Action item
Return, verbatim and in full, the records that follow, but not their pictures.

BEGIN Data under study

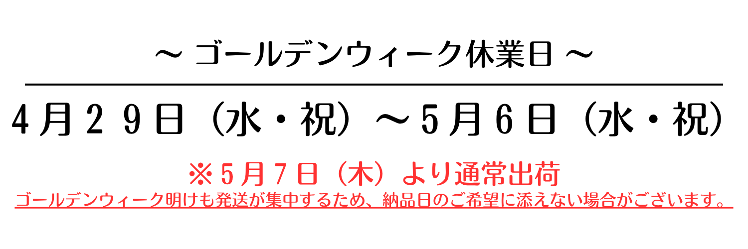 5月7日(木)から通常通りの営業となりますが、ゴールデンウィーク明けで発送が集中する為、納品日のご希望に添えない場合がございますことをご了承ください。
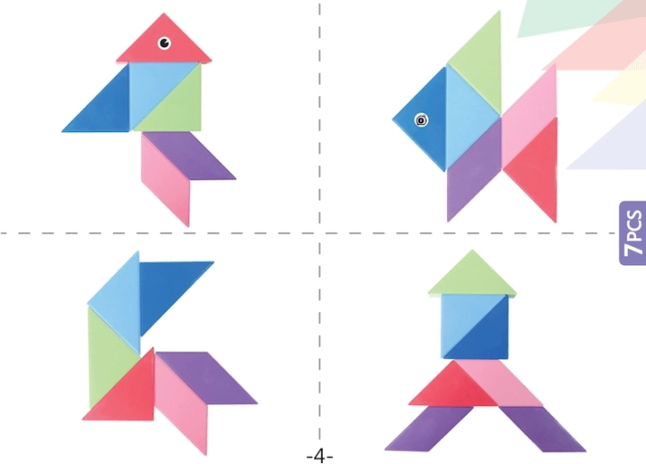 The magnetic tangram brings the classic Chinese puzzle into a modern form. Pieces with integrated magnets hold firmly together, allowing children to create both flat and 3D models—from animals to original objects. The game develops fine motor skills, spatial perception, and creativity, while also teaching colors and shapes.
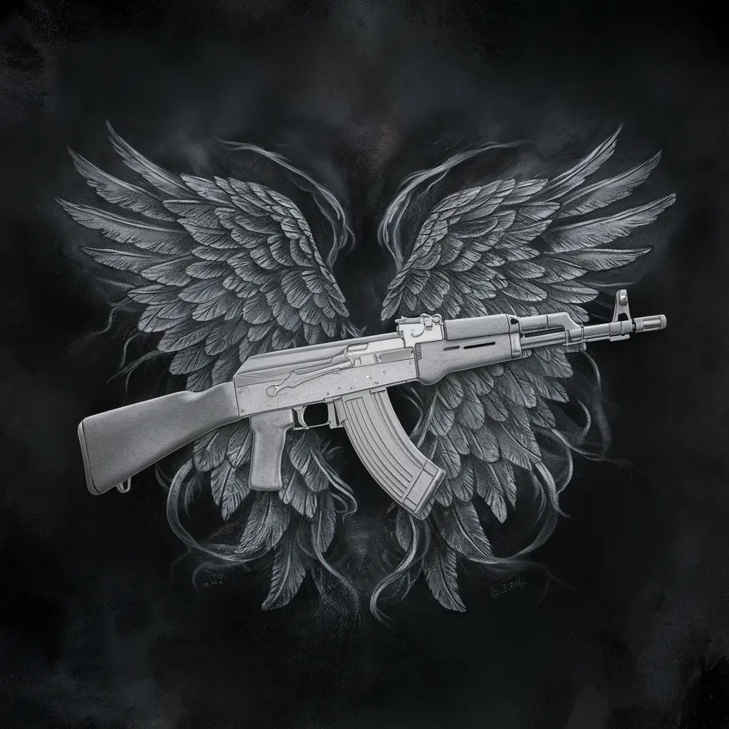 Imagine the AK47 surrounded by majestic wings, either angelic or eagle-like. This combination symbolizes freedom, power, and transcendence, creating a beautiful contrast between strength and liberty.
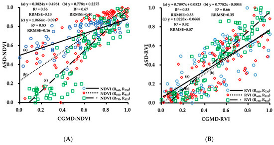 To evaluate the performance of the CGMD instrument in obtaining vegetation indices, regression analysis was performed on the corresponding values of NDVI, RVI, DVI, TVI obtained by the CGMD instrument in each growth period. To facilitate the comparison and analysis of the fitting accuracy of the combined vegetation indices of different wavebands, the vegetation indices obtained by FieldSpec HandHeld2 and CGMD were normalized. As shown in Figure 5, the fitting results of the vegetation indices obtained by CGMD and the corresponding values obtained by the commercial instrument FieldSpec HandHeld2 have a linear relationship, but some differences can be seen in the fitting accuracy of different vegetation.
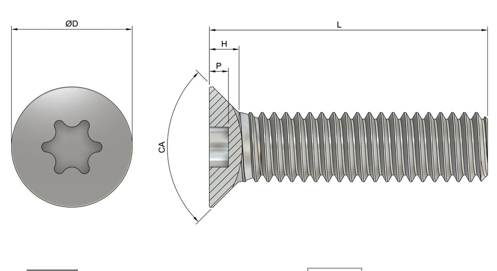 Stainless Steel M8 T45 Torx Countersunk Screws (ISO 14581) - Marine Stainless Steel (A4) 3BS
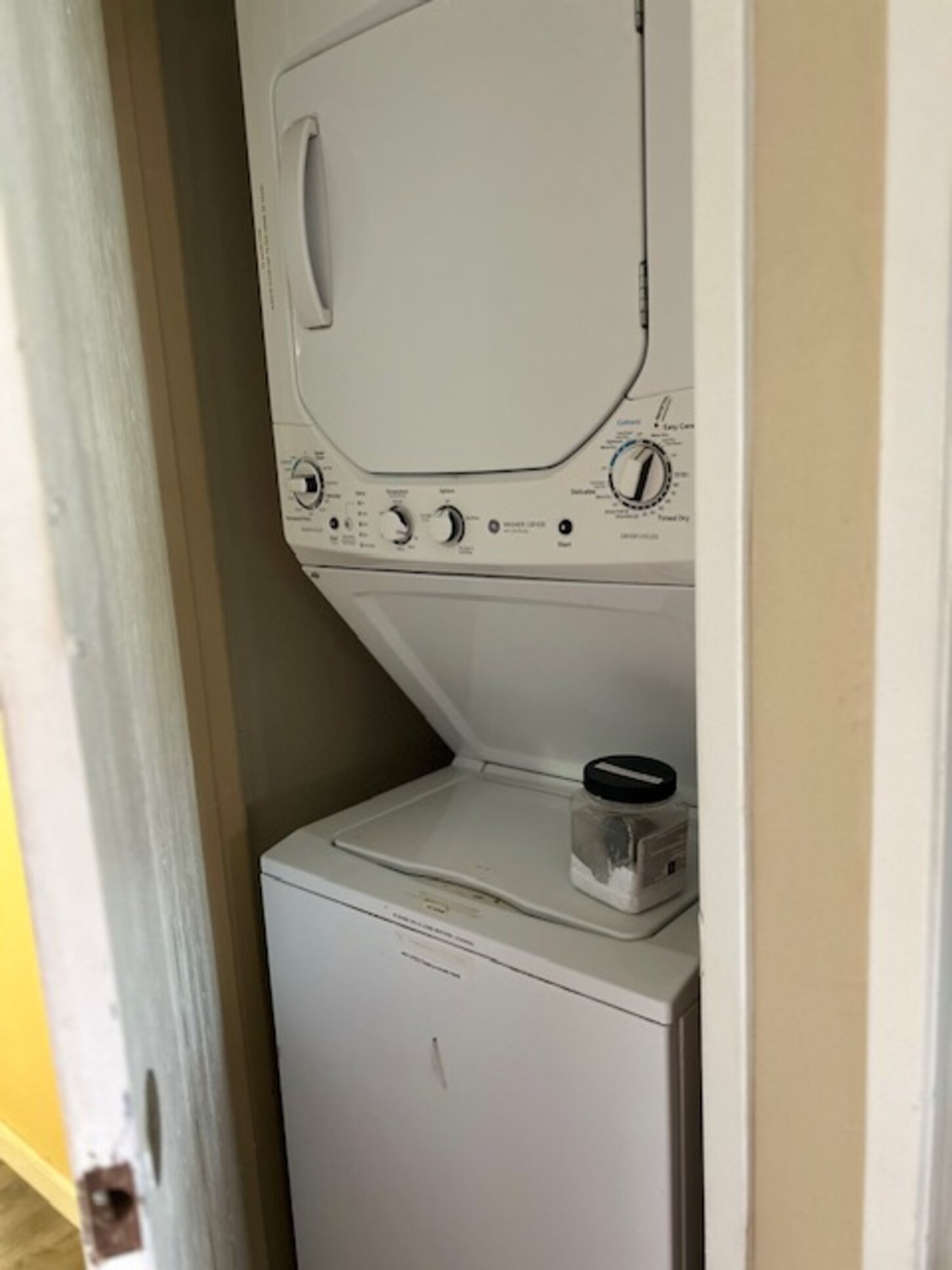 There is a washer and dryer in the un...
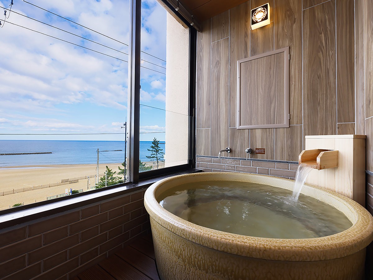 湯船に身をあずければ、目の前にはどこまでも続く日本海を一望。

END Data under study

Result for this task
 5月7日(木)から通常通りの営業となりますが、ゴールデンウィーク明けで発送が集中する為、納品日のご希望に添えない場合がございますことをご了承ください。
 The magnetic tangram brings the classic Chinese puzzle into a modern form. Pieces with integrated magnets hold firmly together, allowing children to create both flat and 3D models—from animals to original objects. The game develops fine motor skills, spatial perception, and creativity, while also teaching colors and shapes.
 Imagine the AK47 surrounded by majestic wings, either angelic or eagle-like. This combination symbolizes freedom, power, and transcendence, creating a beautiful contrast between strength and liberty.
 To evaluate the performance of the CGMD instrument in obtaining vegetation indices, regression analysis was performed on the corresponding values of NDVI, RVI, DVI, TVI obtained by the CGMD instrument in each growth period. To facilitate the comparison and analysis of the fitting accuracy of the combined vegetation indices of different wavebands, the vegetation indices obtained by FieldSpec HandHeld2 and CGMD were normalized. As shown in Figure 5, the fitting results of the vegetation indices obtained by CGMD and the corresponding values obtained by the commercial instrument FieldSpec HandHeld2 have a linear relationship, but some differences can be seen in the fitting accuracy of different vegetation.
 Stainless Steel M8 T45 Torx Countersunk Screws (ISO 14581) - Marine Stainless Steel (A4) 3BS
 There is a washer and dryer in the un...
 湯船に身をあずければ、目の前にはどこまでも続く日本海を一望。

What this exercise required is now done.